[[ Supplied material open ]]

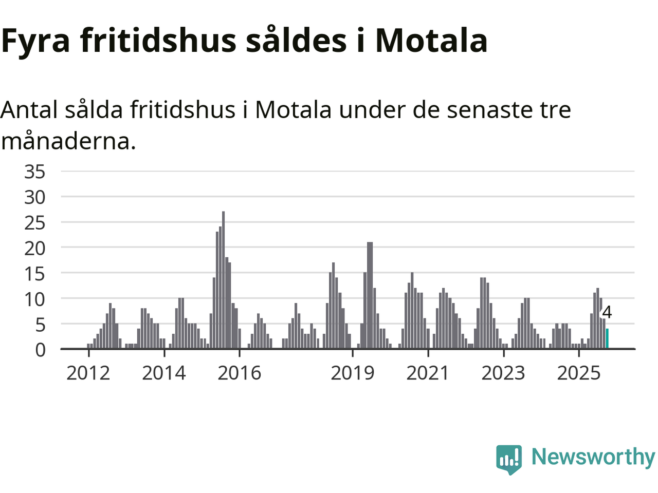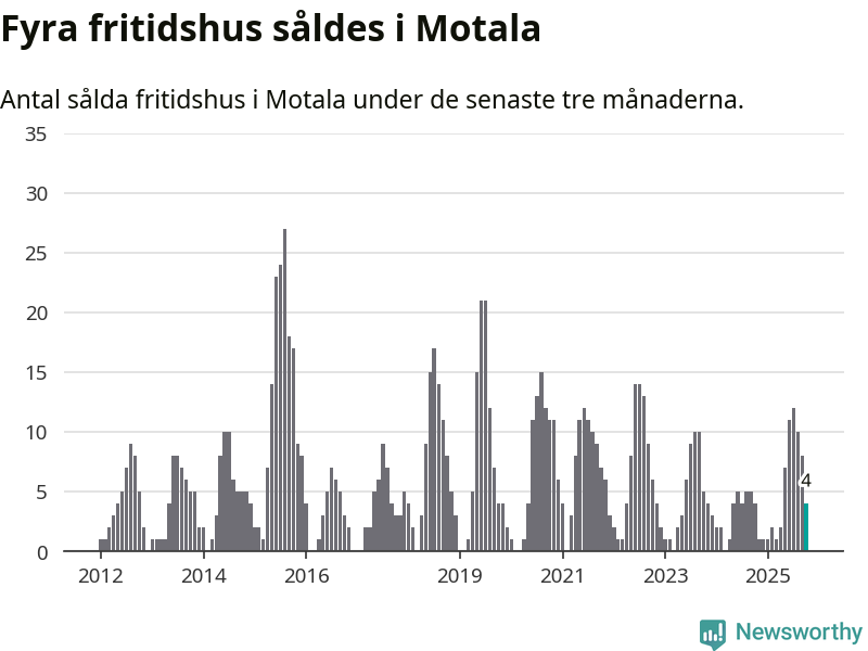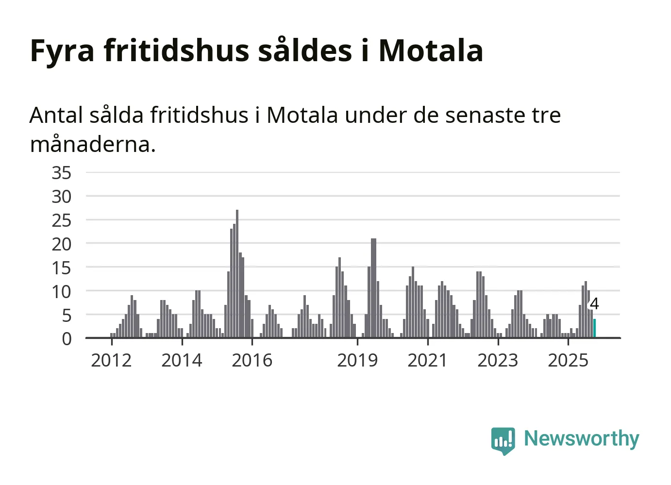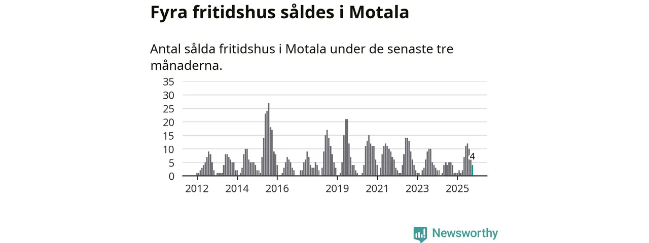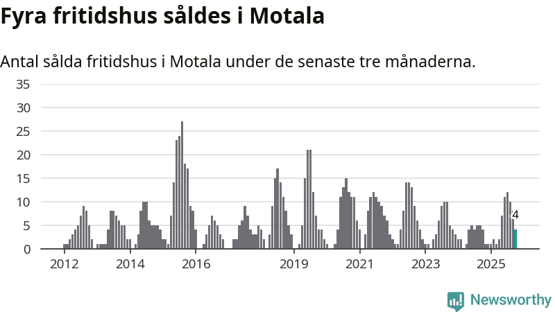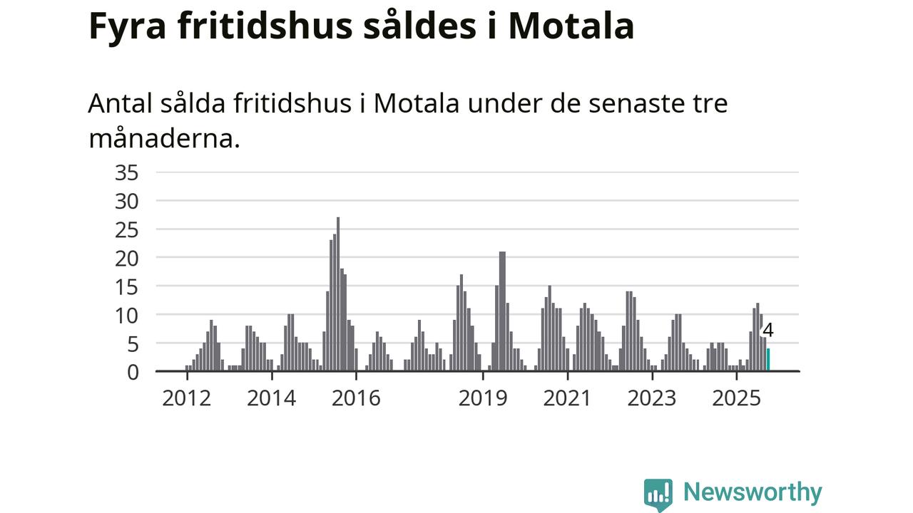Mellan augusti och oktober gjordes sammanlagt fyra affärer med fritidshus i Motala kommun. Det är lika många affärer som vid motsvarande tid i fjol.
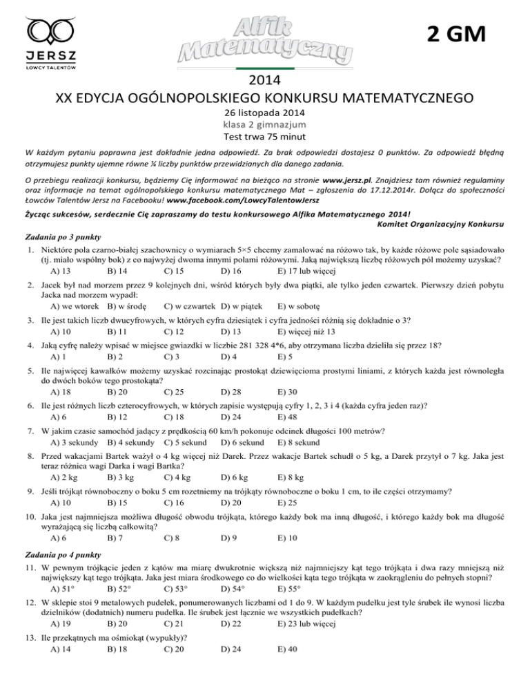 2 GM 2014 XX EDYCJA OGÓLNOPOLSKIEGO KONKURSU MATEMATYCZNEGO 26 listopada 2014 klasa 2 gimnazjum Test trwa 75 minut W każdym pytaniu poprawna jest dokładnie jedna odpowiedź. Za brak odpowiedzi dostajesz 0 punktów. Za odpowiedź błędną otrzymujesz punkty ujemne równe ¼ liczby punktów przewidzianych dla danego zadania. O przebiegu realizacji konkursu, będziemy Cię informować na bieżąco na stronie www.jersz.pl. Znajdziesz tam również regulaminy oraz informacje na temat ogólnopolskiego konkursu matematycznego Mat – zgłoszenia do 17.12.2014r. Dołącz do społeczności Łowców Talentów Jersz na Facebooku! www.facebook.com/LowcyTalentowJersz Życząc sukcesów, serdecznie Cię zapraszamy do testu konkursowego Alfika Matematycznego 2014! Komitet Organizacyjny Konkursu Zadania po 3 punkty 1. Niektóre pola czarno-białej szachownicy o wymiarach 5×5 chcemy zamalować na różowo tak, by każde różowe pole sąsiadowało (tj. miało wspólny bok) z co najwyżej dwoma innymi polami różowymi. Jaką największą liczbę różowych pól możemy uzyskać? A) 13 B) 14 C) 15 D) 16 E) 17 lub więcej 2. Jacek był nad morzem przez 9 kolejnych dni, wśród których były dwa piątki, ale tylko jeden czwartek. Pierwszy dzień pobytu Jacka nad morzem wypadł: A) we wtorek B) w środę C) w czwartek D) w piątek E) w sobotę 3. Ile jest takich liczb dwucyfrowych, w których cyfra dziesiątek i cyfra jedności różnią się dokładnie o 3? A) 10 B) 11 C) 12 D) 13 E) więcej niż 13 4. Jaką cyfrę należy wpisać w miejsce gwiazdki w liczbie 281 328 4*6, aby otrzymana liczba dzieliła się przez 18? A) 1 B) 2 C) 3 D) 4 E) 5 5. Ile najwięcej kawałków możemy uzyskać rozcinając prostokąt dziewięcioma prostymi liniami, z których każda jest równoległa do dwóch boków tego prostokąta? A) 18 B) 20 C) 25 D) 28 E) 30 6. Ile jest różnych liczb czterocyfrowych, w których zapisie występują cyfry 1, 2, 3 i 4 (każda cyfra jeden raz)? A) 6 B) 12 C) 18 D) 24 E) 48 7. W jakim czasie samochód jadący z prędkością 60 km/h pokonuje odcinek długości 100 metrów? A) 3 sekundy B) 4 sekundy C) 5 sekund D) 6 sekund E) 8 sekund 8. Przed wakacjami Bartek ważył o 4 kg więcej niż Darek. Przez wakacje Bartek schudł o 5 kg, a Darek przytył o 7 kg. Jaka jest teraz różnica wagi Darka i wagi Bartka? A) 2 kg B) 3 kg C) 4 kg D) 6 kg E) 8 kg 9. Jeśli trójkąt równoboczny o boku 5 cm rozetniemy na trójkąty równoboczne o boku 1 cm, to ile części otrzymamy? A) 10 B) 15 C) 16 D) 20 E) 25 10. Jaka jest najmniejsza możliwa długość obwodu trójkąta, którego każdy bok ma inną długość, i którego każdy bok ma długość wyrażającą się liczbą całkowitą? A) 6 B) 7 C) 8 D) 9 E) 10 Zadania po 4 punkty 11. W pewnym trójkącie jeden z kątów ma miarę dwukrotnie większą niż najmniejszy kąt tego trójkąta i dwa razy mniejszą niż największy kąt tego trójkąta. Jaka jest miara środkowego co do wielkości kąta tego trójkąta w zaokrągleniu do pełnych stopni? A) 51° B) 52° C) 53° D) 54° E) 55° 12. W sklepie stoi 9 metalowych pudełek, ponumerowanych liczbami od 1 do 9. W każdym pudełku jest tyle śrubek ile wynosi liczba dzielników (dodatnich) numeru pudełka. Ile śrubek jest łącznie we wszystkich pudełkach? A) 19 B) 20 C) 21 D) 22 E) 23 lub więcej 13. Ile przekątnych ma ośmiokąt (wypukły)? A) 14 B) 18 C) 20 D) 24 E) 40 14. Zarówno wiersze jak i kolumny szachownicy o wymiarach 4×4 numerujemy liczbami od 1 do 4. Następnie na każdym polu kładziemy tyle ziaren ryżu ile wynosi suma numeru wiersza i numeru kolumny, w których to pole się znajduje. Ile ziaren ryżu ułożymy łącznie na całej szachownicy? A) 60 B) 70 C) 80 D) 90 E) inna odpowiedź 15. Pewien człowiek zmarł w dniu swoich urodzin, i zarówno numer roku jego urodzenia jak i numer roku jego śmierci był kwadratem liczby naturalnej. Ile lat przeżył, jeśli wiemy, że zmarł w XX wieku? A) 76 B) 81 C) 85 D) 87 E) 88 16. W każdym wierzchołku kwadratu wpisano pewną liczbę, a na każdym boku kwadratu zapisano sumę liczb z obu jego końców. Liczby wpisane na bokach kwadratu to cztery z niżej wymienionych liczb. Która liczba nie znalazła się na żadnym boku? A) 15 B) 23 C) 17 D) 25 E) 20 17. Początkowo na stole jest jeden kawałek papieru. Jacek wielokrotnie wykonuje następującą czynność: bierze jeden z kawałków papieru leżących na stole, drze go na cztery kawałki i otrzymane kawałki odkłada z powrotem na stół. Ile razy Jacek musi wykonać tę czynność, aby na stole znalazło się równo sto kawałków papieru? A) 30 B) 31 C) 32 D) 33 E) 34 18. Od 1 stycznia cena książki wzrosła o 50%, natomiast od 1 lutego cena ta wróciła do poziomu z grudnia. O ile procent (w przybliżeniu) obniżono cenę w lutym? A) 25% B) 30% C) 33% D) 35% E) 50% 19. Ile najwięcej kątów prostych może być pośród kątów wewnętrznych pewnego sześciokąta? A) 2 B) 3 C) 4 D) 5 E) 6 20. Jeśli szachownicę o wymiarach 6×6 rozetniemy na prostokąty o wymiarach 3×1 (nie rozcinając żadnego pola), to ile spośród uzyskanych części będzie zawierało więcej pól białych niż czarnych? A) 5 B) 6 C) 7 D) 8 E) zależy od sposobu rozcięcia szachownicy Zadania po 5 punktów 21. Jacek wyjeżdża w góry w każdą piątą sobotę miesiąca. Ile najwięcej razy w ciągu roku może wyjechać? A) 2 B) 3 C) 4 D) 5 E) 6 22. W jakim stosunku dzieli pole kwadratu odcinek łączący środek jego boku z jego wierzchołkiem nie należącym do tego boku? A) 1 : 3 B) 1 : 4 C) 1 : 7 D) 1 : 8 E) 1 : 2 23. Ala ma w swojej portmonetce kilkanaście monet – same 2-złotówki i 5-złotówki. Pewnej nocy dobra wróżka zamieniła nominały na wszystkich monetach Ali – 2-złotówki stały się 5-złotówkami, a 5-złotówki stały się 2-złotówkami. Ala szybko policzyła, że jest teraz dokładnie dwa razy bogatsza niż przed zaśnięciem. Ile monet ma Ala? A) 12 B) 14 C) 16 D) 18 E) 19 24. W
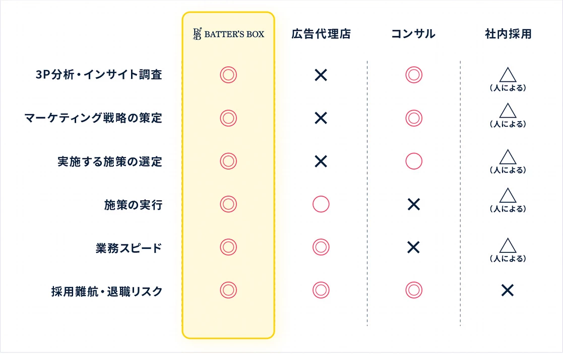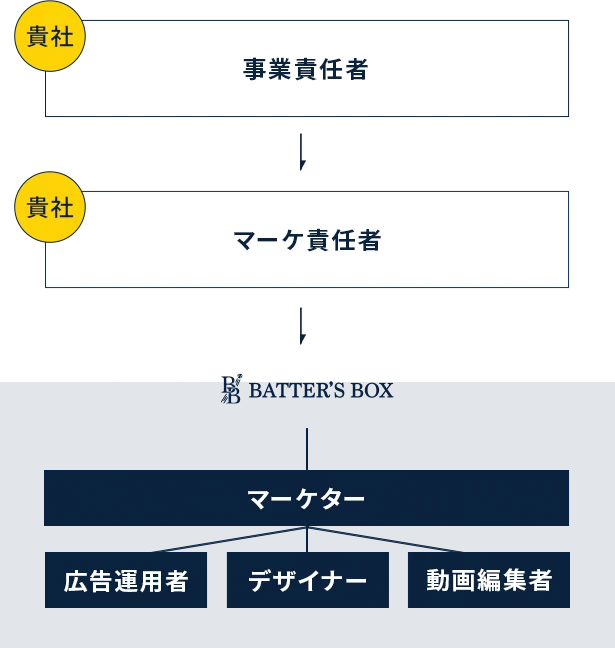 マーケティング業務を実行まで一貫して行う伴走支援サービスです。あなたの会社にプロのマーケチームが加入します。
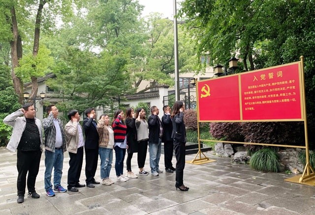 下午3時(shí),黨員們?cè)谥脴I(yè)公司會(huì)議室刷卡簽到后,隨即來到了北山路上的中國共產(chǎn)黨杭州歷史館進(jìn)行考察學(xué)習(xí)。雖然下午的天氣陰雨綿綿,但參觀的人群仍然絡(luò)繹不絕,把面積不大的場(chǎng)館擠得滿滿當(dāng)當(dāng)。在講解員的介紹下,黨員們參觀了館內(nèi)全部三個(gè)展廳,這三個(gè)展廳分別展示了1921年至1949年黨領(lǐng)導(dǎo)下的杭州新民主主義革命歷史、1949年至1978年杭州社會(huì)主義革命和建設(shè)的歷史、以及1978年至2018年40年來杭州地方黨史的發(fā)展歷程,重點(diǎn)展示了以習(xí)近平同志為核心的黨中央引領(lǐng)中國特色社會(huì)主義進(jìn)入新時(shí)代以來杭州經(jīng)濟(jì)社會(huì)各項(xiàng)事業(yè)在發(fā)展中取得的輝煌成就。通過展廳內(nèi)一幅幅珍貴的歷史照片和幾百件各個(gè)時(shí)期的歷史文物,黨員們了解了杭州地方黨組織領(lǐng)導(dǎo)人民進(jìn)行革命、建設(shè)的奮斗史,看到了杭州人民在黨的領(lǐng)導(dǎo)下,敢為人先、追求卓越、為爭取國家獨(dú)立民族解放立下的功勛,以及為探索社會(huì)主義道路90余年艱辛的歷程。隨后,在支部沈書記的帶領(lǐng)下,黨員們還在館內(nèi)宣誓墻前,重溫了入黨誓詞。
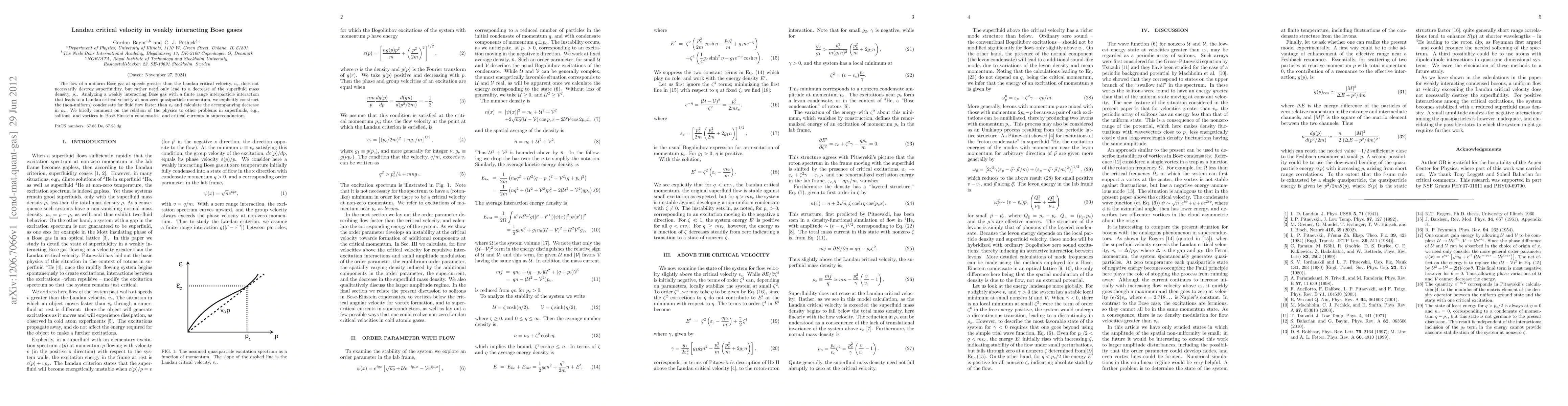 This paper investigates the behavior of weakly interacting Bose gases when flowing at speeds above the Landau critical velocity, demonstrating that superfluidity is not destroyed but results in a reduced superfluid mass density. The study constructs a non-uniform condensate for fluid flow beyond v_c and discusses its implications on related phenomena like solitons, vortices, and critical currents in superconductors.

[[ Supplied material closed ]]

- **What is being asked**
Could you restate exactly the lines from the line containing "下午3時(shí),黨員們?" through the end of the listing, both ends included and nothing else, leaving the images out?

- **Exercise result**
 下午3時(shí),黨員們?cè)谥脴I(yè)公司會(huì)議室刷卡簽到后,隨即來到了北山路上的中國共產(chǎn)黨杭州歷史館進(jìn)行考察學(xué)習(xí)。雖然下午的天氣陰雨綿綿,但參觀的人群仍然絡(luò)繹不絕,把面積不大的場(chǎng)館擠得滿滿當(dāng)當(dāng)。在講解員的介紹下,黨員們參觀了館內(nèi)全部三個(gè)展廳,這三個(gè)展廳分別展示了1921年至1949年黨領(lǐng)導(dǎo)下的杭州新民主主義革命歷史、1949年至1978年杭州社會(huì)主義革命和建設(shè)的歷史、以及1978年至2018年40年來杭州地方黨史的發(fā)展歷程,重點(diǎn)展示了以習(xí)近平同志為核心的黨中央引領(lǐng)中國特色社會(huì)主義進(jìn)入新時(shí)代以來杭州經(jīng)濟(jì)社會(huì)各項(xiàng)事業(yè)在發(fā)展中取得的輝煌成就。通過展廳內(nèi)一幅幅珍貴的歷史照片和幾百件各個(gè)時(shí)期的歷史文物,黨員們了解了杭州地方黨組織領(lǐng)導(dǎo)人民進(jìn)行革命、建設(shè)的奮斗史,看到了杭州人民在黨的領(lǐng)導(dǎo)下,敢為人先、追求卓越、為爭取國家獨(dú)立民族解放立下的功勛,以及為探索社會(huì)主義道路90余年艱辛的歷程。隨后,在支部沈書記的帶領(lǐng)下,黨員們還在館內(nèi)宣誓墻前,重溫了入黨誓詞。
 This paper investigates the behavior of weakly interacting Bose gases when flowing at speeds above the Landau critical velocity, demonstrating that superfluidity is not destroyed but results in a reduced superfluid mass density. The study constructs a non-uniform condensate for fluid flow beyond v_c and discusses its implications on related phenomena like solitons, vortices, and critical currents in superconductors.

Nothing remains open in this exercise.